Latency is how long until something starts. Think of "reaction time". Imagine a race. Now the referee fires the starting gun, how long until the runners react to the sound (and start running); that is the latency (delay). Throughput is how fast they run, once they get up to top speed. Or another common example is a fire hose; turn the fire hose on pointing at a "friend". It takes a while for the water to get to them, that's the latency; how much water they are hit with (and how fast it is going) is the thruput. A garden hose may have less latency than a fire hose (probably because of length), but in thruput there's no contest.


On the Internet the results are very obvious. Click on a link (or type a URL) and there will normally be a one second (or more) pause, while the network does a DNS lookup (the computer/network figures out who you want to talk to talk to). This delay is your "latency". Then after it figures out what site you want to talk to (what page you want to load), it takes a while to send the data across. That transfer time is based on the thru-put. And after that there may be a bit more latency that is based on how long it takes your computer (Browser) to display the information it just got across the net. But let's just ignore that for now for the sake of simplicity.

This is why that when you get a modem that is 2 or 4 times faster; your Internet experience may not be that much faster. The modems thru-put (speed at which it can transfer data) HAS gone up, often by many times, but the latency of the Internet itself (and the speed of the servers) has not changed.

Look at the following example: LatencyAndThruput.1.gif

If it took 12 seconds to do something (say load a page), and 4 seconds was latency and 8 seconds was because of thru-put, then doubling thru-put (the modem speed) would not halve the time it takes to load that page (like most people would think). In fact, it takes 2/3 of the time that it took before (8 seconds) not 1/2 (6 seconds) that people assume.

The thru-put (modem) is twice as fast, and there is not any false advertising -- but that doesn't usually mean the real world results are twice as fast. Your browsing experience is not based only on the modem speed -- but on the speed of the ISP you are using, how fast the network you are on can lookup sites for you, how fast your computer can process and display the data, and so on.

That was a mild example of the problem.

Imagine a modem manufacturer claimed an 8 times performance increase. I can see the advertisements now, "New super-sportster-ultra-turbo-hyperdrive-mode, up to 8 times faster".

Back to our example:LatencyAndThruput.2.gif

Sure enough, the thru-put (modem) is 8 times faster at transferring data than before and only takes only 1 second instead of 8 -- wow. Of course our fixed time (latency) is still four seconds, for a total of 5 seconds. The real world results are that the new modem only makes our browsing experience barely over twice as fast.

We can keep going. If we made the thru-put 8 times faster again (64 times faster overall), it would take 4.125 seconds to get the same data across -- or a barely noticeable difference at all. So you can see there are diminishing returns on speed, depending on what you are speeding up.

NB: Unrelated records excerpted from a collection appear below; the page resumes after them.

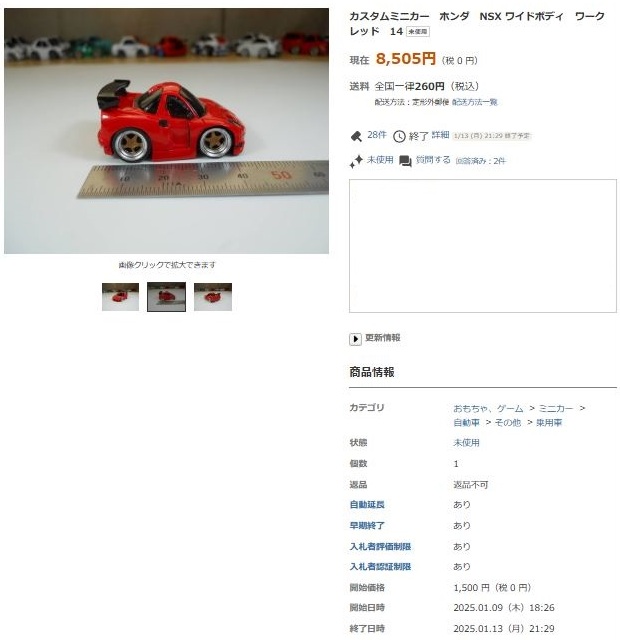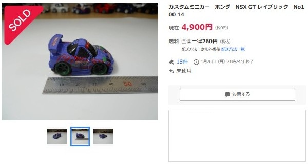 | ▲2026年1月22日出品のNSX-GTレイブリックNo.100 14 | ▲2026年1月26日に4,900円で落札終了 |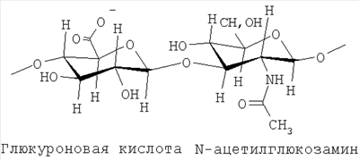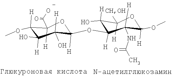 Гиалуроновая кислота является природным мукополисахаридом, состоящим из чередующихся звеньев D-глюкуроновой кислоты и N-ацетилглюкозамина, как показано в общем виде на нижеприведенной схеме: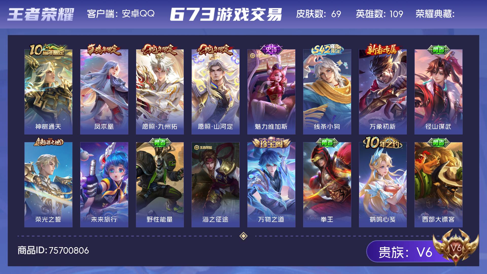 V6 皮肤69 英雄109 至尊星耀 传说4 其他皮肤70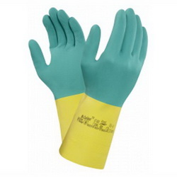 - Zuverlässige Abweisung der verschiedensten Chemikalien dank Latex-/Neopren-Kombi.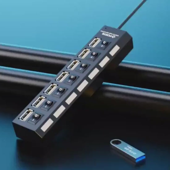 A variety of accessories such as mobile OTG adapters, printers, cameras, USB fans, and USB cables are available to meet your daily work requirements. This 7-port USB splitter supports USB 3.0 for ultra high-speed data transfer at 5Gbps, compatible with 2.0/1.0. It can quickly transmit high-definition movies. It also features a single LED power switch with blue low light.

It is all a game of ratios and what you are doing. If you are transferring a file that will take 2 hours, then you don't care about latency and 5 or 10 seconds either way on that since the latency is such an insignificant amount of time - you care about throughput. Yet, if you are transferring 100 small files for a single page, and the latency is 4 seconds for each file (and the throughput is less than 1 second), then it is the latency that is torturing your performance and making your throw things at the screen.


Those examples were using Internet and modem type speeds, where you can see both the latency and thru-put. But there are items on your machine that have the same problems, but are far far faster. Imagine we are talking about the lower levels of a computer.

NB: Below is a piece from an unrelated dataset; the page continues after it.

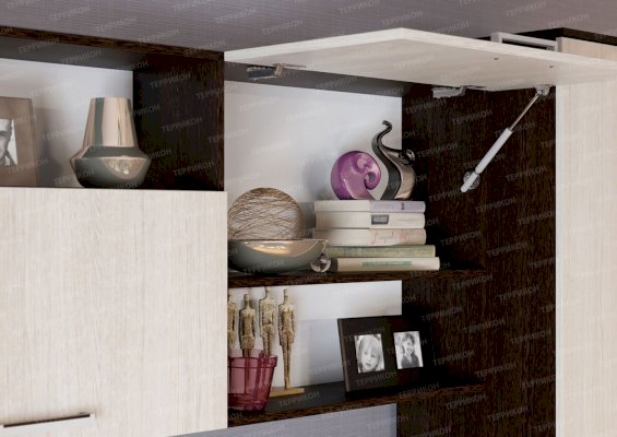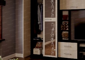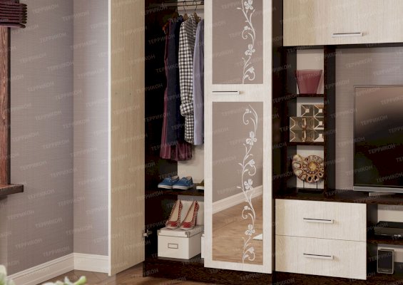 Универсальный дизайн и высокую функциональность объединила в себе гостиная «Флора». Она надежна и вместительна, рассчитана на долгие годы активной эксплуатации. Незамысловатое оформление гарнитура идеально гармонирует с современными интерьерами. Индивидуальность и немного шарма придают изделию цветочный орнамент на зеркале и ассиметрично расположенные открытые полочки.

Let's talk about the bus speed on a PCI card. Let's say it takes 10 cycles to "arbitrate" and setup a time to use the bus (to talk to another card). Once that latency (arbitration) is handled, the bus can send 4 bytes of data for each cycle after that. In order to send only one byte of data to a card it takes 11 cycles. But to send 1000 bytes of data it does not take 11,000 cycles, it takes only 1010 cycles; PCI is basically ten times as efficient at sending large blocks of data as it is at sending small ones.

But it is not linear growth -- PCI isn't significantly more efficient at sending 100 bytes, or a 1,000,000. As long as your packets are like over 100 bytes at a time, you aren't like to see very substantial difference by doubling or quadrupling data (packet) sizes.

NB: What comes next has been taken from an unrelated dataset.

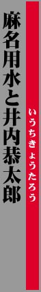 麻名用水碑には、先の碑文に続いて、「然レトモ主唱者ハ最初ヨリ一身ヲ犠牲トシ隠忍自重遂ニ今日有ルヲ到セリ」と記されている。主唱者とは、むろん井内恭太郎のことである。名西高校の南にある水利組含事務所前には、彼の銅像があって、その碑文には、その人となりを「剛直」にして「敦篤」と刻んである。

Once again your performance (speed) is actually based on what you are doing. PCI bus can do 33 Million cycles in a second (a lot of transfers) -- this is so much data transfers (and so quickly) that we really only measure statistically. Yet you could get a dramatically different result depending on if you were doing 3 million transactions of 1 byte each, or one transaction of 132 Million bytes of data. (Or a difference of up to 45 times).

Fortunately, most data moved across PCI are packets of dozens of bytes -- so the latency overhead doesn't hurt much. So this is only a theoretical example.


Drives are like a record player, for those that remember what that is (a spinning piece of vinyl that they used to put old music on). There are a few types of latency on drive specs. One latency is how fast the little disk is spinning and where you are on the disk, and how long it takes for the platter to rotate until the data you want under the head (the head is like the needle on a record player). Another drive latency can be measured on how long it takes for the little head to get from one edge (track) of the spinning platter, to the other edge (or another track) -- because you can't read the correct data until your are on the right track (this is the equivalent of lifting the arm/needle and changing songs). Those are both types of latency -- how long it is going to take until you can start transferring the data you want. Then there is the thru-put -- how fast the data will transfer once you get there.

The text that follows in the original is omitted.